**Exercise goal**
Working from the entries that follow, transcribe exactly and only the lines from the one with "中國巖畫學(xué)會副會長" through the last, pictures excluded.

Records from a data collection:
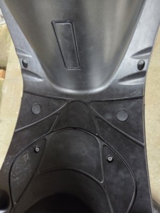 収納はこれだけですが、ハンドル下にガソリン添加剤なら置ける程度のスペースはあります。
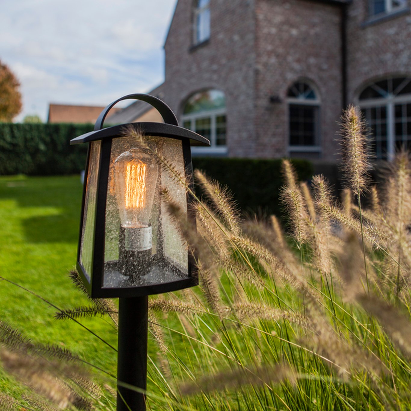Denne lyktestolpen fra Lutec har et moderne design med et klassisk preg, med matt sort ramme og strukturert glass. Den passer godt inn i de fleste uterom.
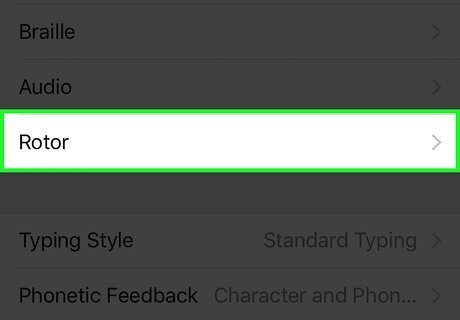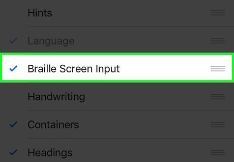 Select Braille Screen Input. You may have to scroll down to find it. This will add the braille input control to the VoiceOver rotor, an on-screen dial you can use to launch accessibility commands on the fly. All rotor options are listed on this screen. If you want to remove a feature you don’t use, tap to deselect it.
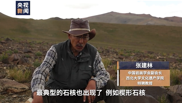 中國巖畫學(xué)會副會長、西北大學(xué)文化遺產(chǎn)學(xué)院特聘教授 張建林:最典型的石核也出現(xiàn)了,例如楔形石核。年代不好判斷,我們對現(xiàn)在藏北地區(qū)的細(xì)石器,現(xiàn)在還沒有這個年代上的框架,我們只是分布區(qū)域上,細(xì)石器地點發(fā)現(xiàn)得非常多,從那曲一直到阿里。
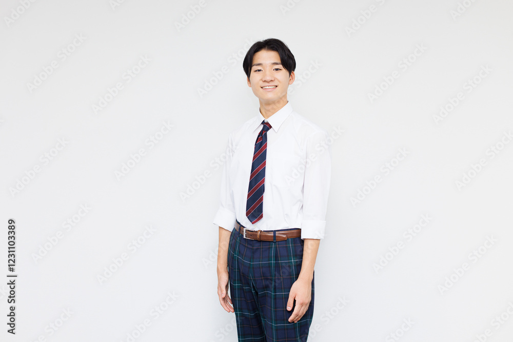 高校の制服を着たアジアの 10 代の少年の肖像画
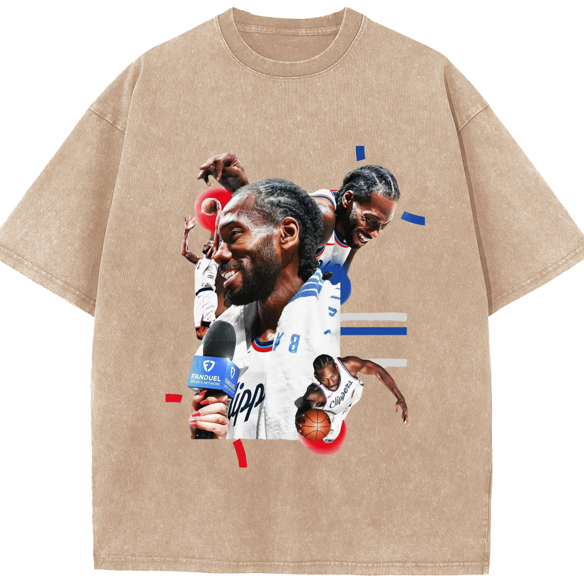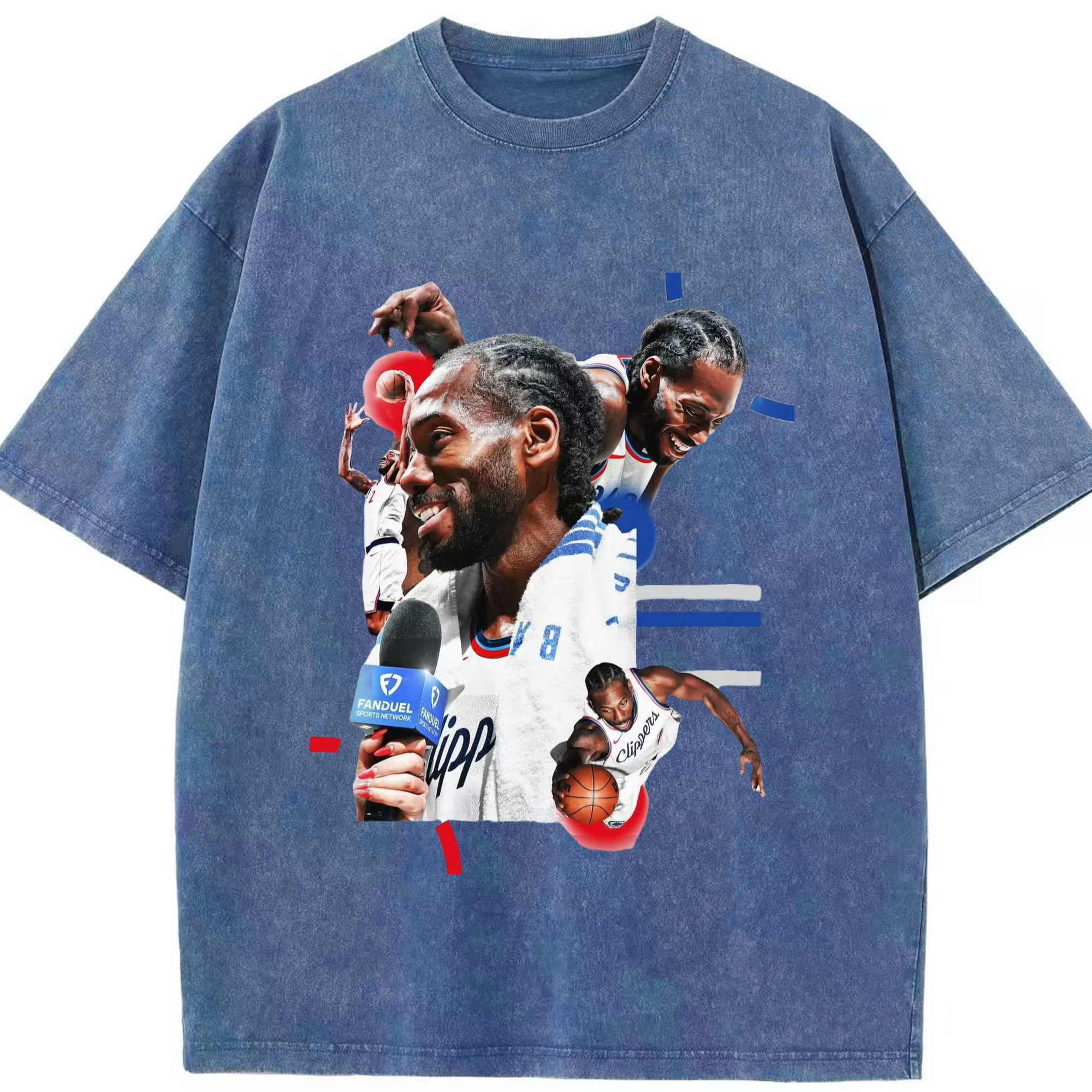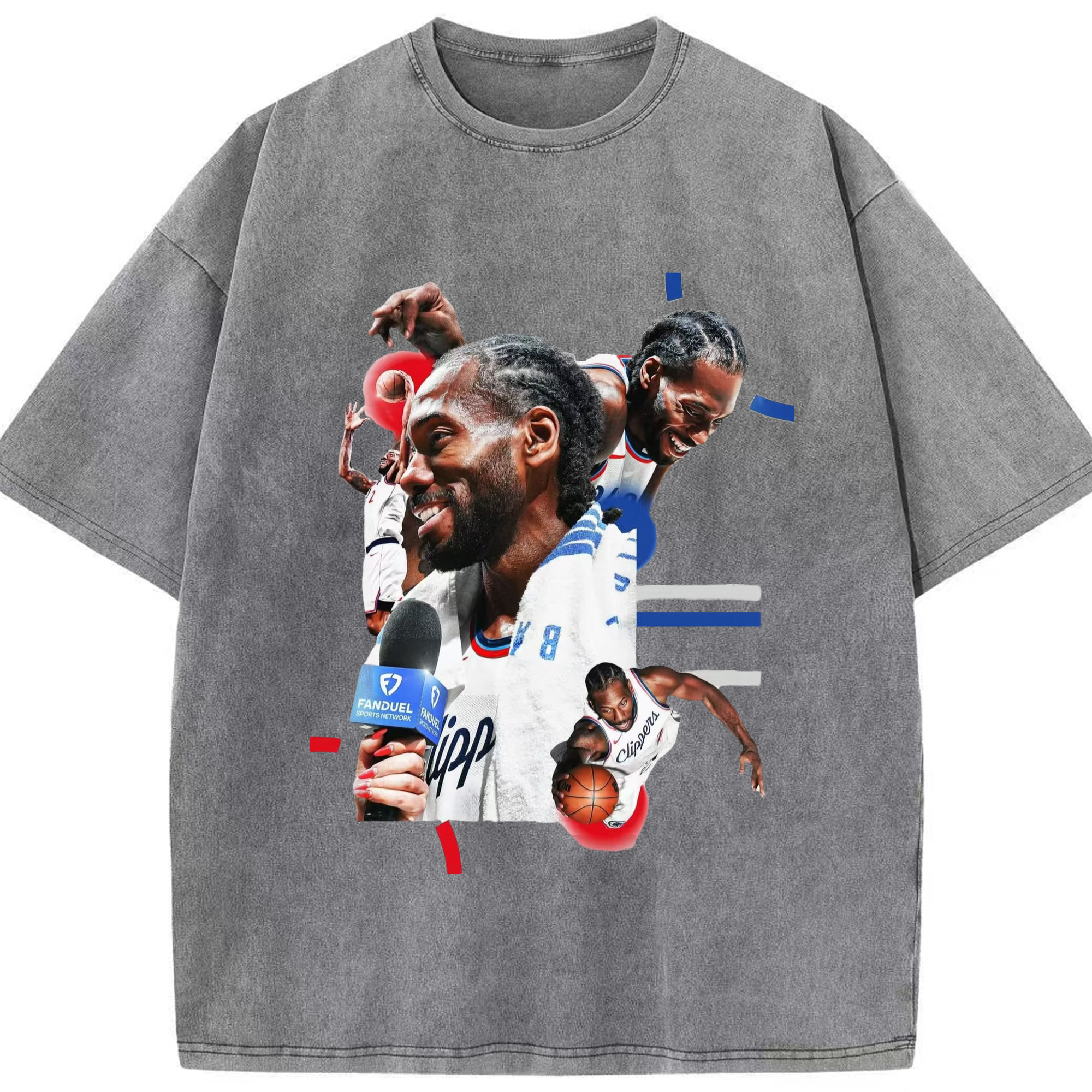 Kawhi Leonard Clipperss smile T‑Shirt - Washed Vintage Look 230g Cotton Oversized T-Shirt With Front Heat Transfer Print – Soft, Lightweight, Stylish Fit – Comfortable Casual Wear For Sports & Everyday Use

**Written solution**
 中國巖畫學(xué)會副會長、西北大學(xué)文化遺產(chǎn)學(xué)院特聘教授 張建林:最典型的石核也出現(xiàn)了,例如楔形石核。年代不好判斷,我們對現(xiàn)在藏北地區(qū)的細(xì)石器,現(xiàn)在還沒有這個年代上的框架,我們只是分布區(qū)域上,細(xì)石器地點發(fā)現(xiàn)得非常多,從那曲一直到阿里。
 高校の制服を着たアジアの 10 代の少年の肖像画
 Kawhi Leonard Clipperss smile T‑Shirt - Washed Vintage Look 230g Cotton Oversized T-Shirt With Front Heat Transfer Print – Soft, Lightweight, Stylish Fit – Comfortable Casual Wear For Sports & Everyday Use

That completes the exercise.